O Tribunal de Contas da União suspendeu o processo licitatório em 2019 e, em seguida, a Infraero revogou o certame. O terminal de Manaus foi incluído, com isso, no programa nacional de desestatização.

No início de abril, o TRF-1 deferiu o pedido do consórcio SB Porto Seco para excluir o aeroporto de Manaus da rodada de concessões. Inicialmente, o presidente do STJ, Humberto Martins, autorizou a licitação da unidade de Manaus, mas depois recuou e entendeu que a assinatura do contrato administrativo entre a Infraero e o consórcio SB Porto Seco inviabilizava o pedido de suspensão.

Na decisão mais recente, Fux concordou com a tese do governo de que a licitação anterior ocorreu de forma regular, o que libera o Aeroporto de Manaus a integrar o novo leilão. O presidente do STF defendeu que é preciso conferir segurança jurídica ao mercado.

“Como é sabido, a ausência de segurança jurídica em contratações de grande vulto, relacionadas, por exemplo, à implantação e à preservação de infraestrutura, como a que se refere o presente caso concreto, tem o condão de fragilizar a imagem do Brasil junto a investidores e organismos internacionais, desestimulando o aporte de recursos estrangeiros e causando potencial prejuízo a diversos setores econômicos”, escreveu.

O leilão de aeroportos realizado no dia 7 deste mês atraiu interessados para três blocos e garantiu ao governo federal uma arrecadação inicial de R$ 3,302 bilhões.

Segundo o Ministério da Infraestrutura, o ágio médio foi de 3.822%, o que representou uma arrecadação R$ 3,1 bilhões acima do mínimo fixado pelo edital para o valor de contribuição inicial (R$ 186,2 milhões).

Além do valor à vista, as regras do leilão preveem uma outorga variável, a ser paga a partir do quinto ano de contrato até o fim da concessão.

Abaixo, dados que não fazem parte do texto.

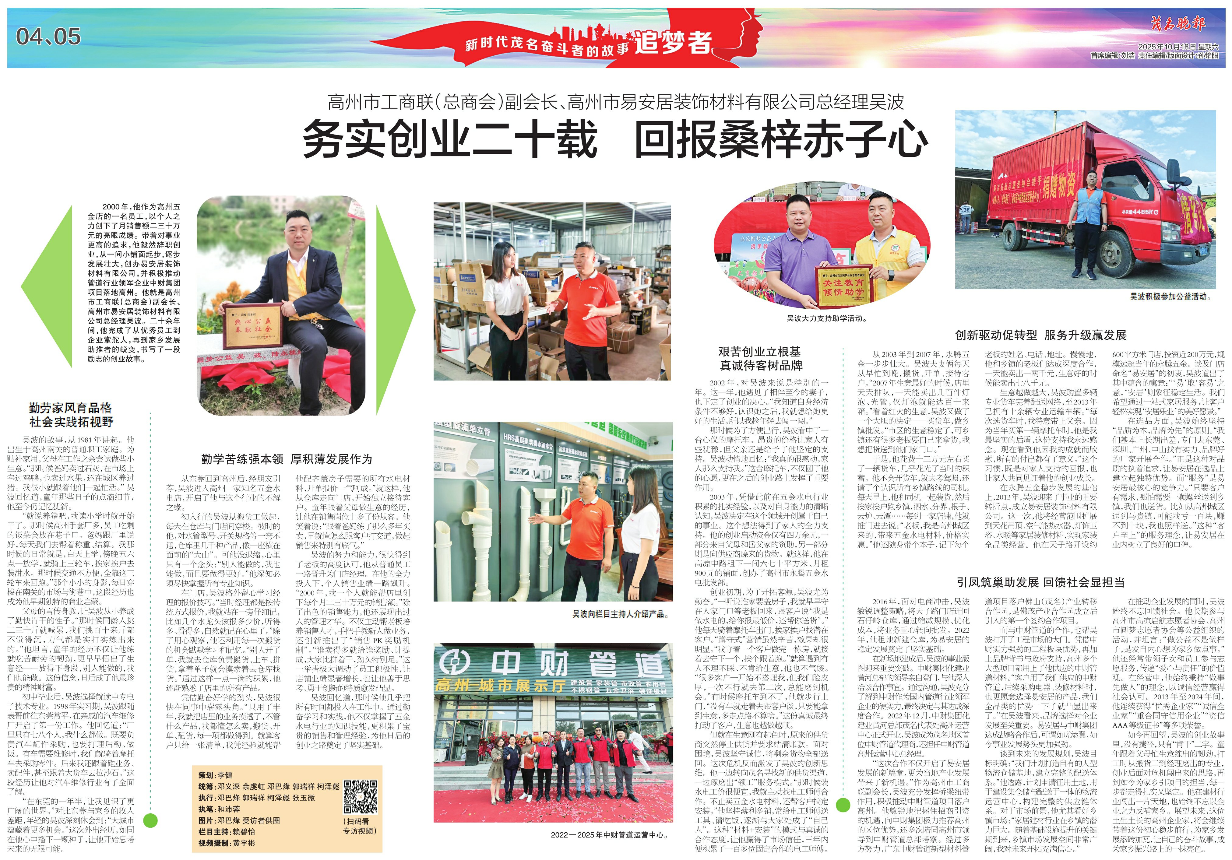 2000年,他作为高州五金店的一名员工,以个人之力创下了月销售额二三十万元的亮眼成绩。带着对事业更高的追求,他毅然辞职创业,从一间小铺面起步,逐步发展壮大,创办易安居装饰材料有限公司,并积极推动管道行业领军企业中财集团项目落地高州。他就是高州市工商联(总商会)副会长、高州市易安居装饰材料有限公司总经理吴波。二十余年间,他完成了从优秀员工到企业掌舵人,再到家乡发展助推者的蜕变,书写了一段励志的创业故事。

O investimento total nos 22 aeroportos, que foram divididos em 3 blocos, é estimado pelo governo em R$ 6,1 bilhões durante os 30 anos de concessão.

Este é o segundo leilão de aeroportos do governo do presidente Jair Bolsonaro. No anterior, realizado em março de 2019, o governo arrecadou R$ 2,377 bilhões à vista com a transferência de 12 aeroportos para a iniciativa privada. O ágio médio foi de 986% e 9 grupos participaram da disputa.